Dashboards, CI gates, or budget tools that want to predict spend without subprocess overhead can call the GraphQL pricing layer directly:

from runpod_deploy import fetch_gpu_prices, select_price_for_pod

prices = fetch_gpu_prices()  # cached for 1h
h100_secure = select_price_for_pod(
    prices, gpu_id="NVIDIA H100 80GB HBM3", cloud_type="SECURE", spot=False
)
print(f"H100 SECURE on-demand: ${h100_secure:.2f}/hr")

The CLI’s gpu-prices subcommand provides the same data; use it when you need a human-readable table. Use the Python API when you’re feeding the prices into further computation.

4. You’re embedding RunPod orchestration in a larger Python platform#

If you’re building a web UI (“Deploy to RunPod” button), a multi-cloud orchestrator that routes jobs to one of several backends, or a Jupyter notebook driving experiments interactively, run_job() is the right seam:

from runpod_deploy import load_job_spec, run_job

def deploy_user_job(yaml_path: Path) -> None:
    """One backend of a multi-cloud orchestrator's runpod adapter."""
    spec = load_job_spec(yaml_path)
    run_job(spec, config_path=yaml_path)  # raises on failure

This is the in-process equivalent of subprocess.run(["runpod-deploy", "run", "--config", str(yaml_path)]), with the advantages that (a) exceptions propagate as Python exceptions (catchable), (b) you can intercept telemetry events programmatically by patching the orchestrator, and (c) you avoid the subprocess fork.

Do NOT use the Python API for…#

In-process parallel sweeps#

The documented bash pattern in recipes/multi-config-sweep.md with wait -n semaphore is simpler than a Python equivalent and wins on observability (each shard’s stdout/stderr is naturally separated). Subprocess overhead is negligible vs. GPU runtime; you gain nothing from in-process parallelism.

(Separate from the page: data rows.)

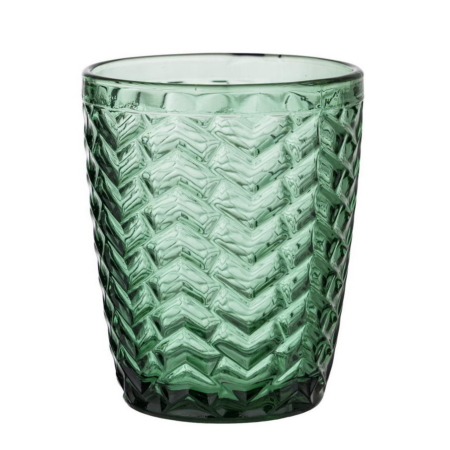 Set da 6 bicchieri da acqua in vetro verde con texture a rilievo. Ideali per un uso quotidiano o per un tocco di colore in più sulla tua tavola.
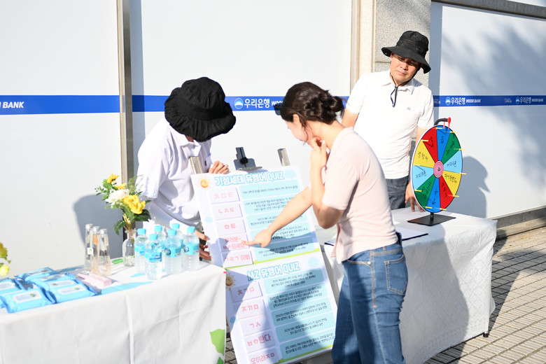 ▲지난달 31일, 김포 사우동 언어소통 캠페인 현장에서 세대차이 퀴즈를 푸는 시민 참여자의 모습
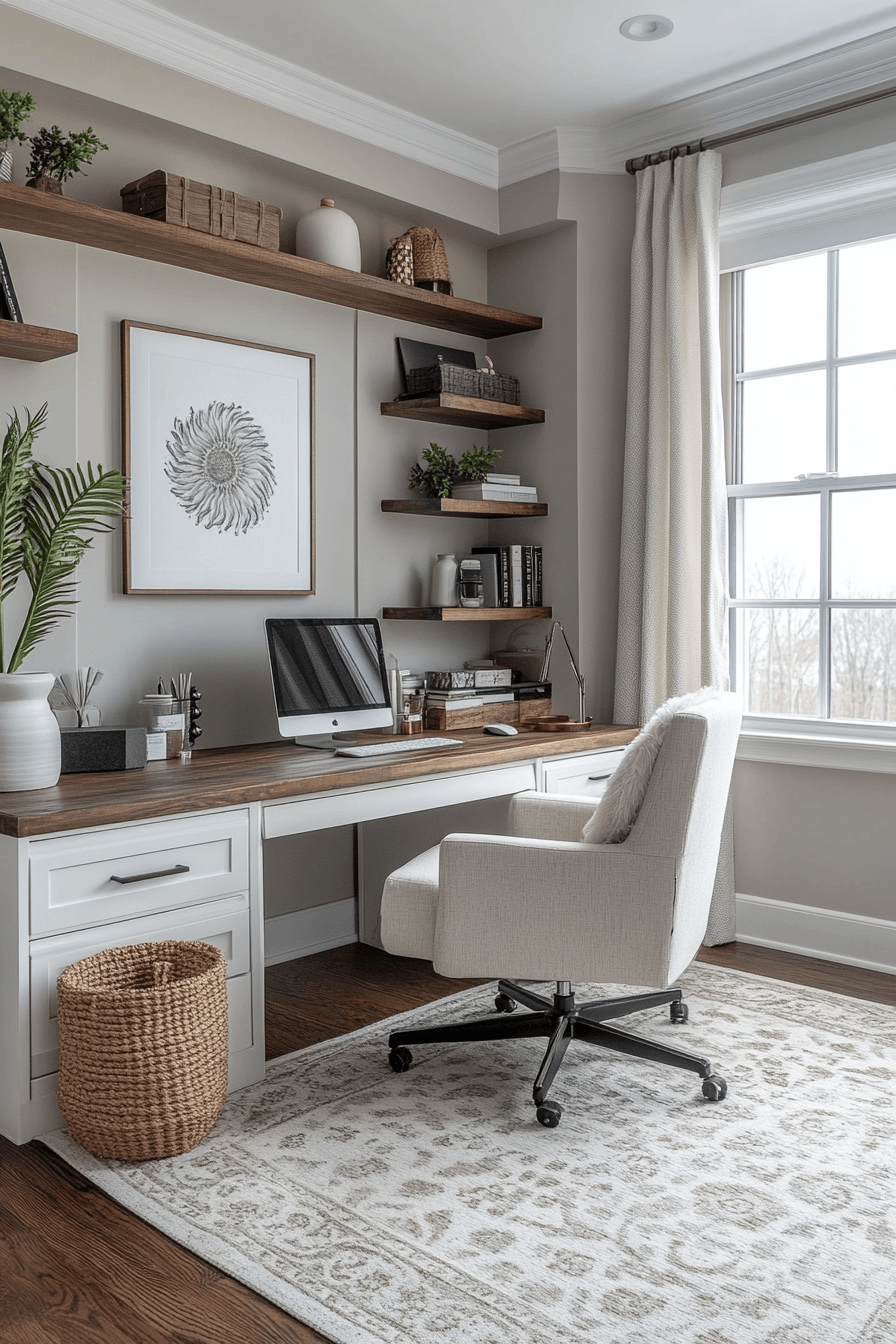 A gentle focus retreat creates a soft, distraction-free environment perfect for calming office decor that supports deep concentration. Muted tones like dusty beige, pale grey, and soft blush help the space feel visually quiet and cohesive. The layout keeps the desk area streamlined and organized, with clean lines and minimal accessories. Subtle accents like a plush rug, a warm-toned desk lamp, or a soft cushion add comfort without cluttering the space. Natural light or soft ambient lighting enhances the calm ambiance throughout the day. The mood feels cozy, calm, and effortlessly productive. Explore more serene office setups here.
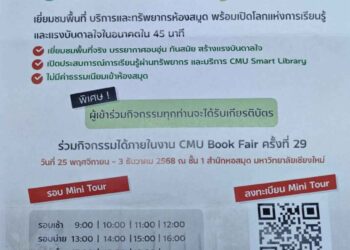 ด้วยสำนักหอสมุด มหาวิทยาลัยเชียงใหม่ กำหนดจัดงานสัปดาห์หนังสือแห่งปี CMU BOOK FAIR ครั้งที่ 29 ระหว่างวันที่ 25 พ.ย.2568 เวลา 09.00 น.-21.00 น. ณ บริเวณโดยรอบอาคารสำนักหอสมุด มหาวิทยาบัยเชียงใหม่ เพื่อส่งเสริมการอ่านแ่กนักเรียนนักศึกษา ประชาชนทั่วไป รายละเอียดตามเอกสารแนบมาพร้อมนี้
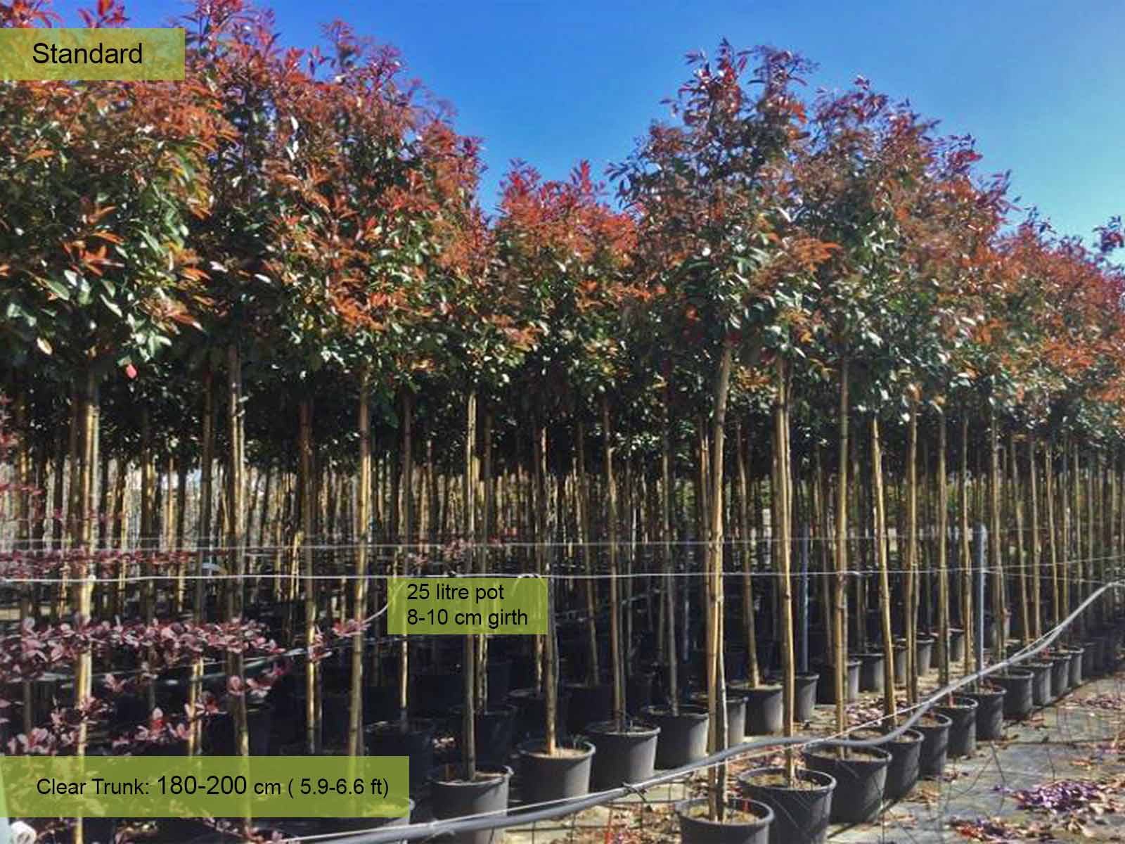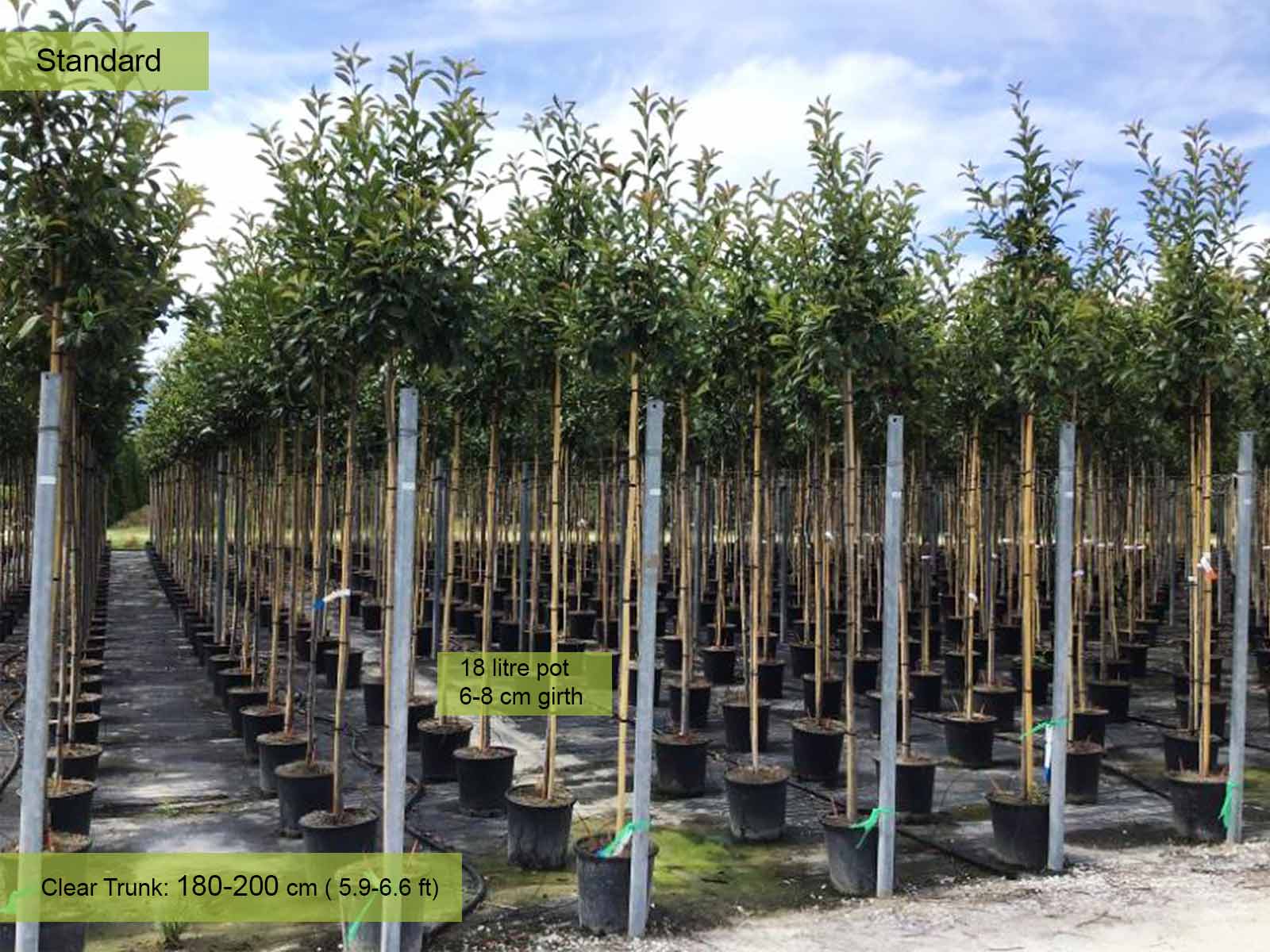 Girth 14-16 cm: 110 litre pot, clear trunk – 180-200 cm (5.9-6.6 ft), crown – 60-90 cm (2.0-2.9 ft);
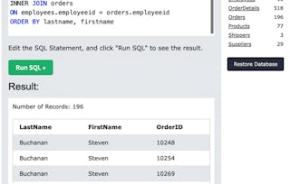 SQL est un outil puissant utilisé pour gérer et manipuler les données dans les bases de données relationnelles. Tout au long de ce cours, vous acquerrez les compétences essentielles pour extraire efficacement les données pertinentes des bases de données, ce qui vous permettra de naviguer facilement dans de vastes quantités d'informations. En mettant l'accent sur l'application pratique, vous plongerez dans le monde de l'analyse des données, découvrant comment tirer des enseignements significatifs de grands ensembles de données hébergés dans des bases de données relationnelles complexes. À la fin de ce cours, vous acquerrez des compétences pour créer et modifier des bases de données, ce qui vous permettra de résoudre des problèmes professionnels réels. Apprendre à filtrer et à nettoyer les ensembles de données, afin de garantir la précision et la fiabilité de votre analyse. Que vous aspiriez à devenir un analyste de données, un professionnel de la veille stratégique ou un décideur s'appuyant sur des données, ce cours vous fournira les outils et les connaissances nécessaires pour réussir.
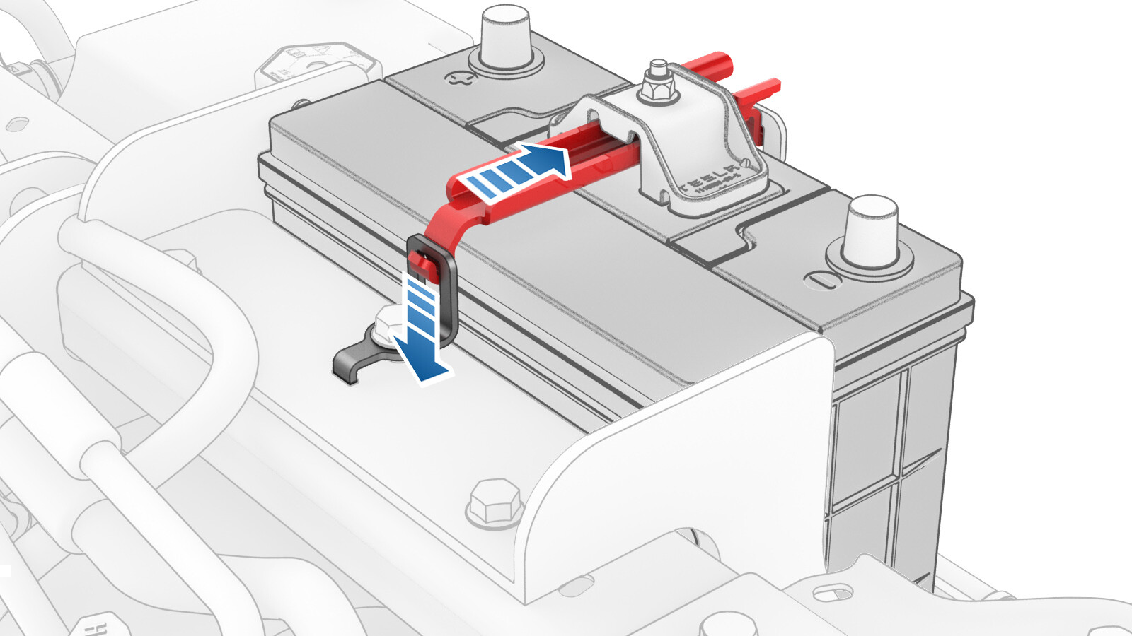 - 向下推动并将 12V 电池系带滑至后部,以便将其从前侧挂钩和后侧拉紧装置总成上释放。

Direct construction of PodConnection, RemoteRunner, or select_gpu_across_datacenters#

These are low-level orchestration plumbing surfaces. The orchestrator wraps them in run_job(). Consumers almost never need to call them directly; if you find yourself reaching for them, you’re probably re-implementing functionality run_job() already provides.

If you have a genuine use case for the low-level surfaces, file an issue describing the workflow — there may be a higher-level seam worth adding instead.

See also#

  • extending.md — the three-tier extension story (consumers / library users / contributors); §2 covers the same Python API surface in reference form.

  • recipes/python-api-for-forensics.md — worked example of use case #1 (multi-manifest forensics).

  • recipes/multi-config-sweep.md — the recommended CLI-and-bash pattern for parallel sweeps (why the Python API is NOT recommended here).